The autonomic nervous system (ANS) is a physiological modulator of cardiac electrophysiology, as it influences physiological cardiac properties such as chronotropy, inotropy, and dromotropy. However, it plays a detrimental role in the development and maintenance of atrial and ventricular arrhythmias1,2. The cardiac ANS consists of a complex network of sympathetic and parasympathetic nerve fibres, which synapse in the extrinsic and intrinsic cardiac ganglia and finally innervate cardiac myocytes3.

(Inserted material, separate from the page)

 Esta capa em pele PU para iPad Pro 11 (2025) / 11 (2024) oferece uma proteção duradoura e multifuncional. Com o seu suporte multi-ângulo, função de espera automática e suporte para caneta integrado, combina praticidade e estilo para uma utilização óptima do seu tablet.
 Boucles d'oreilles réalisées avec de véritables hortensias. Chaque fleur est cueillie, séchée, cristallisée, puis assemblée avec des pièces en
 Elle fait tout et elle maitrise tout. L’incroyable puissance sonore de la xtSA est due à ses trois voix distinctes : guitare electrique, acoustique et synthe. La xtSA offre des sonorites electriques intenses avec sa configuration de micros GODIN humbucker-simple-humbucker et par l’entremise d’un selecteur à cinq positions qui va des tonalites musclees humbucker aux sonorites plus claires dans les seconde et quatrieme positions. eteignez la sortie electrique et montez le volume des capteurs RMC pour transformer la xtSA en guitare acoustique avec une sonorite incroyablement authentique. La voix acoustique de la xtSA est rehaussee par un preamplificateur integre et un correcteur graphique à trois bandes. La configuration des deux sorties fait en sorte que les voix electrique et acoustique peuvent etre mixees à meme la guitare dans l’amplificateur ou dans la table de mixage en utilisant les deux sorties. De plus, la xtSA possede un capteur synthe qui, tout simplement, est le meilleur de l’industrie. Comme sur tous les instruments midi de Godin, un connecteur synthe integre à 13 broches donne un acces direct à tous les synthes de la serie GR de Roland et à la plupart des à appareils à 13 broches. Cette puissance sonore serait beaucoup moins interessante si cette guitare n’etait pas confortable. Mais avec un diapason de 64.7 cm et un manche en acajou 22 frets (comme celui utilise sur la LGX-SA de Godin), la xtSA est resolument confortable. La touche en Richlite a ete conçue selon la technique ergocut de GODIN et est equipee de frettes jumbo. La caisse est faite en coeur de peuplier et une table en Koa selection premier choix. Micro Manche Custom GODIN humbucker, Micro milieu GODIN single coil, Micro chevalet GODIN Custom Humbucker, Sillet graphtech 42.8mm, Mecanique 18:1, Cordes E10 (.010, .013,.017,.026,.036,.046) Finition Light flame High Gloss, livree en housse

Various new treatment approaches modulating autonomic tone are emerging. Renal sympathetic afferent and efferent nerves are important mediators of central sympathetic activity4. Percutaneous catheter-based renal sympathetic denervation (RDN) reduces blood pressure5,6 and improves glucose metabolism in resistant hypertension7 and has been associated with a reduction of renal and whole-body sympathetic activity8. This review addresses the link between the autonomic regulation of the heart and the kidneys and highlights the possible implications of RDN as a new treatment option for atrial and ventricular arrhythmias.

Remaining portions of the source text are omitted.